Both platforms offer robust customization capabilities, via an advanced interface that allows you to edit the raw HTML/CSS code directly to give you total control over the design and the look and feel of your store.

  • However, Shopify scores better here by providing a simple, menu-driven method to change the basic attributes of your store such as fonts, colors, etc. very easily while with the customization capabilities with Magento are as high as they can get because all its code is open source, any of which you can modify in any way you wish to.

This unrestricted freedom to customize can be used only by those who have deeply entrenched web programming and HTML/CSS coding know-how.

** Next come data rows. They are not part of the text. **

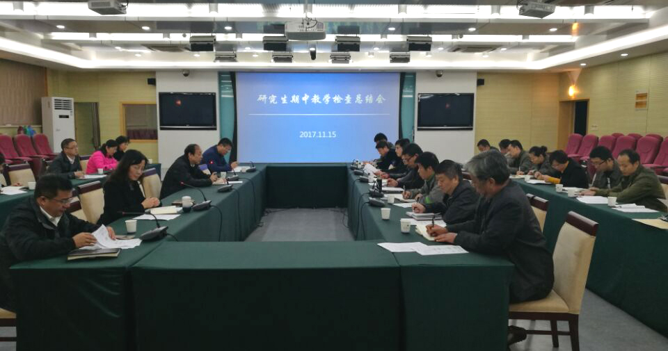 11月15日下午,学校召开2017-2018学年第一学期期中教学检查总结会。副校长舒小平,各研究生培养学院、教学质量处、后勤管理处、理学院、马克思主义学院及外国语学院负责人,研究生秘书及研究生处全体人员参加了会议。会议由研究生处处长刘玮炜主持。会议主要对本次期中教学检查情况进行总结,并对2018年研究生入学考试自命题工作进行部署。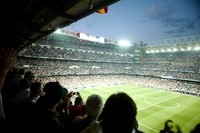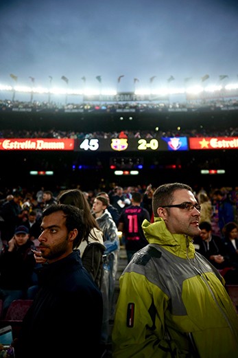 数日後、今度はバルセロナで試合を観戦した時のことだ。試合前にメッシの500ゴールを祝うセレモニーが開催され、空を見上げると巨大な旗が観客の上を覆いかぶさるかのようにはためいていた。そういう一瞬に出会えた時は、アドレナリンが全開になって写真を撮るのがとても楽しい。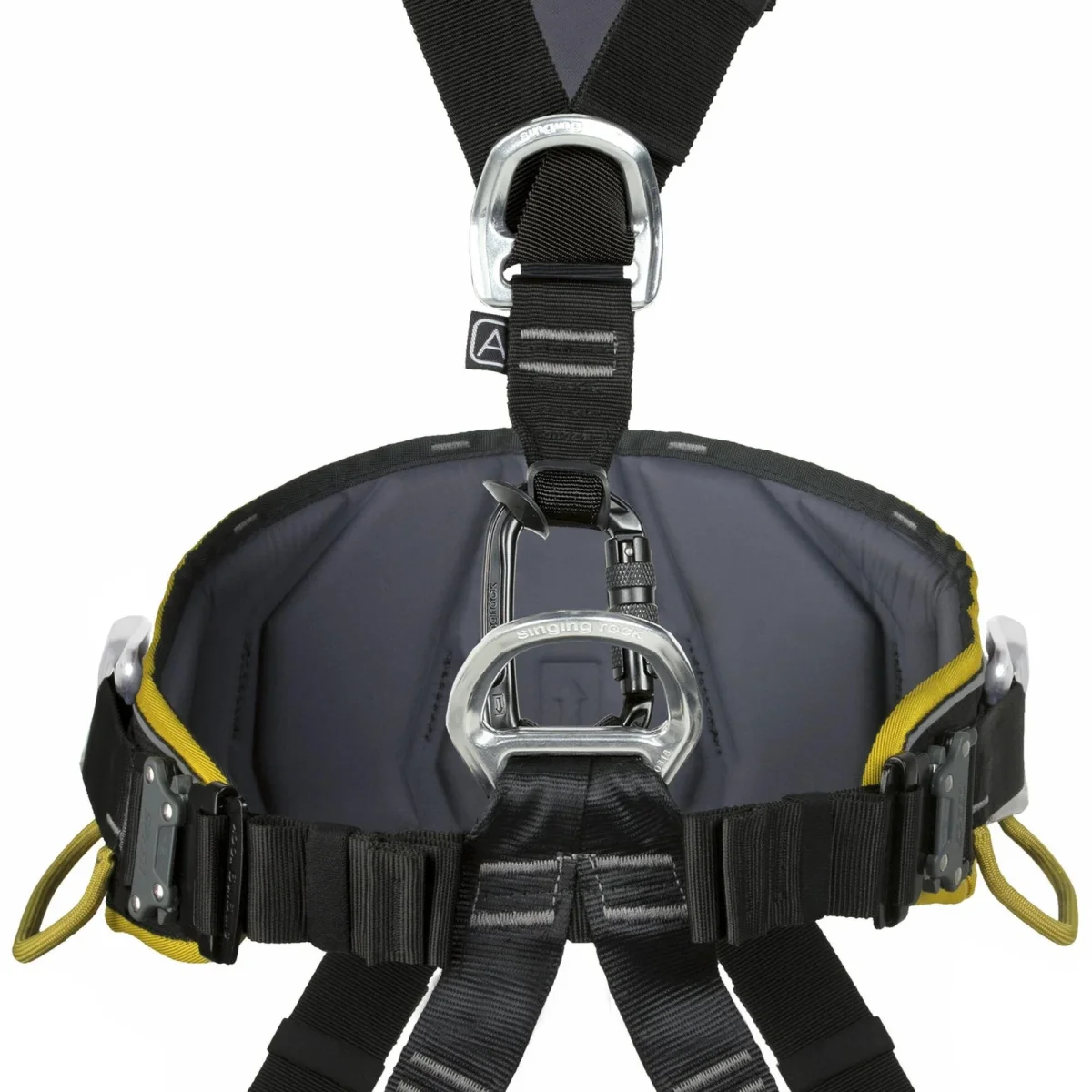 - mosquetón OXY de triple cierre utilizado para la conexión de las correas de los hombros al punto principal para aumentar el espacio para la fijación del ascensor de pecho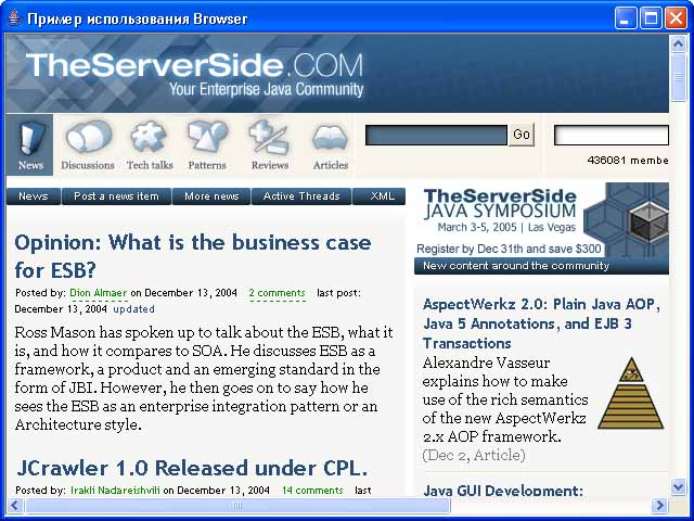 В нашем примере, с помощью JDIC, мы используем браузер выбранный по умолчанию пользователем, обычно это либо Internet Explorer, либо Mozilla. При этом вам совсем не нужно упаковывать части Mozilla вместе со своим приложением, как вам нужно было бы, если бы вы использовали JRex (http://jrex.mozilla.org/). Такой подход, т.е. с использованием JDIC, идеально подходит для операционных систем семейства Windows, поскольку на них гарантированно присутствует Internet Explorer. Однако с Linux могут возникнуть проблемы, где браузером по умолчанию может быть не Mozilla, а Konquorer в KDE, например. Вероятно все будет значительно лучше в более зрелых релизах проекта JDIC, но несмотря ни на что, на данный момент возможности компонента Browser окажут неоценимую помощь многим проектам и приложениям.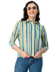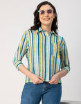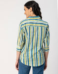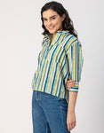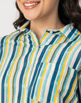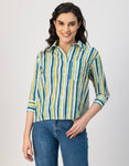 Features: Three Quarter Sleeves, Regular Length, Shirt Collar Neckline, Plastic Button, Relaxed Fit Lightweight, All Over Printed Pattern.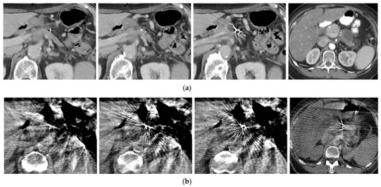 - Park, W.G.; Yan, B.M.; Schellenberg, D.; Kim, J.; Chang, D.T.; Koong, A.; Patalano, C.; Van Dam, J. EUS-guided gold fiducial insertion for image-guided radiation therapy of pancreatic cancer: 50 successful cases without fluoroscopy. Gastrointest. Endosc. 2010, 71, 513–518. [Google Scholar] [CrossRef]

  • Also, Shopify offers a theme editor that allows you to play around with the look and feel of your theme, and it can hide sections so that you can work on future updates beforehand without having a duplicate theme or working on a staging server.
  • Finally, Shopify provides drag and drop sections, which are nice for organizing the content on your website. It’s nothing like an actual drag and drop builder, but it makes for a much easier design interface when compared to Magento.

10. Magento vs Shopify: Reliability and Security

Security is a big deal when it comes to eCommerce. Lack of it is one of the reasons many people are still afraid to shop online. You need to make customers feel safe and secure when buying from your store, and one of the best ways to do that is with something called PCI Compliance.

  • While Magento does provide the ability to create PCI Compliant storefronts, you as the merchant are on the hook for ensuring your site is safe and secure. This can be a costly and time-consuming endeavor, and it can leave many merchants feeling stressed and distracted from the more important aspects of running their business.
  • With Shopify, you don’t have to worry about your customers’ information getting hacked or stolen—that’s the platform’s responsibility. Shopify will ensure your site is PCI-compliant, as well as take care of various compliance assessments and risk management, making sure your site is secure without the need for you to schedule a regular evaluation of your site.

In conclusion, Shopify is a more user-friendly eCommerce platform than Magento. With easy access to support, eCommerce experts, and app partners, you’ll be able to take your business online much faster. As compared to Shopify, Magento might result in becoming more of a project that takes you weeks or maybe months to complete. It entirely depends on the availability of resources and the partners you choose in addition to the platform to help you set up your store.

You should use Shopify if:

  • You want to get your store up and running as quickly as possible,
  • You’ve been using an eCommerce website builder (like Wix, Squarespace or
  • Weebly) and want to switch to something more powerful,
  • You’re just starting in eCommerce, but are hoping to develop a fully-fledged eCommerce business,
  • You’d like the convenience of an all-in-one payment, and having a support team on hand.